PROBLEM TO WORK ON:
Pictures in the listing do not belong in the copy, which should repeat exactly the lines from the one holding "Türkiye genelinde son" through the last line.

:: GIVEN DATA ::

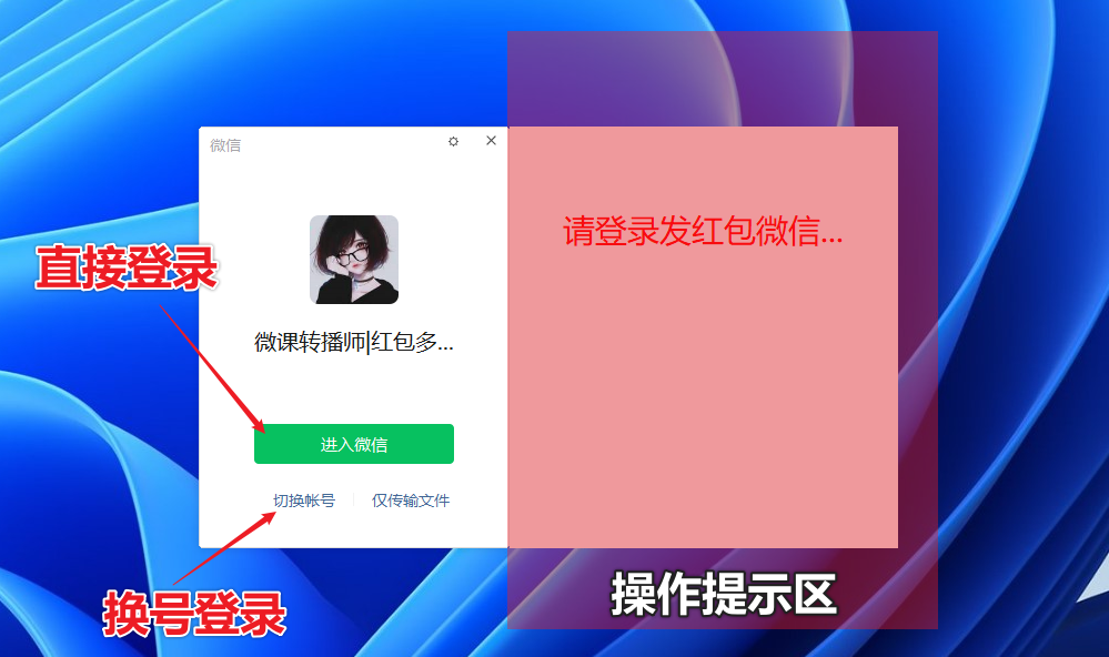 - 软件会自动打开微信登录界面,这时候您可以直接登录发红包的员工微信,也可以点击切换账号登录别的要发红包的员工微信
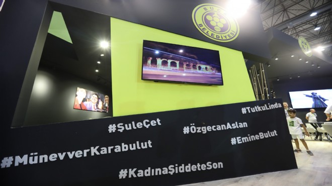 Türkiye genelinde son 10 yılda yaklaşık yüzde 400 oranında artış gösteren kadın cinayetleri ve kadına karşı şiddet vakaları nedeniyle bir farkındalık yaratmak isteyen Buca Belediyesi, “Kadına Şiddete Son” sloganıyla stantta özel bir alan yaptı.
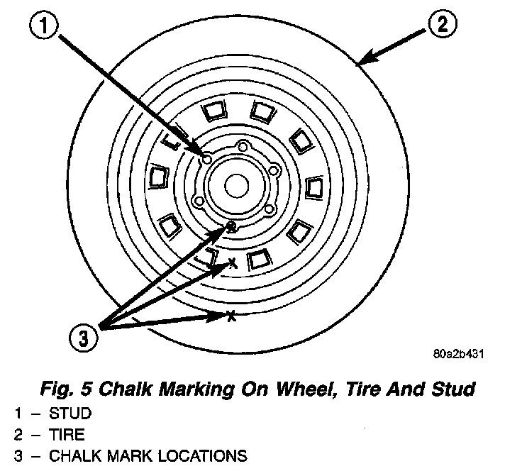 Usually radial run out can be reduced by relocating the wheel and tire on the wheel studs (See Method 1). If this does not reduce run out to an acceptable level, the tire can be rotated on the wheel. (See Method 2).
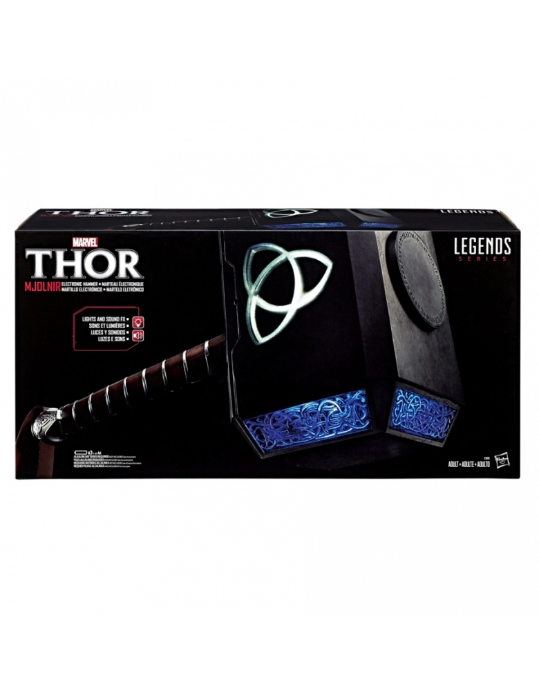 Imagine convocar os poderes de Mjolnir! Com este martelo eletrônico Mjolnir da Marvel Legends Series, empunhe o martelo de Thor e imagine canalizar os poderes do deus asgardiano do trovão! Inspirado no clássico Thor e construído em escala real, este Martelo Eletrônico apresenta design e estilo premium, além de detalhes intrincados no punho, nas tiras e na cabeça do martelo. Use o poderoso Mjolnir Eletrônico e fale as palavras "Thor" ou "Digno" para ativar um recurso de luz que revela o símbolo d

:::

ANSWER FOR THIS EXERCISE:
 Türkiye genelinde son 10 yılda yaklaşık yüzde 400 oranında artış gösteren kadın cinayetleri ve kadına karşı şiddet vakaları nedeniyle bir farkındalık yaratmak isteyen Buca Belediyesi, “Kadına Şiddete Son” sloganıyla stantta özel bir alan yaptı.
 Usually radial run out can be reduced by relocating the wheel and tire on the wheel studs (See Method 1). If this does not reduce run out to an acceptable level, the tire can be rotated on the wheel. (See Method 2).
 Imagine convocar os poderes de Mjolnir! Com este martelo eletrônico Mjolnir da Marvel Legends Series, empunhe o martelo de Thor e imagine canalizar os poderes do deus asgardiano do trovão! Inspirado no clássico Thor e construído em escala real, este Martelo Eletrônico apresenta design e estilo premium, além de detalhes intrincados no punho, nas tiras e na cabeça do martelo. Use o poderoso Mjolnir Eletrônico e fale as palavras "Thor" ou "Digno" para ativar um recurso de luz que revela o símbolo d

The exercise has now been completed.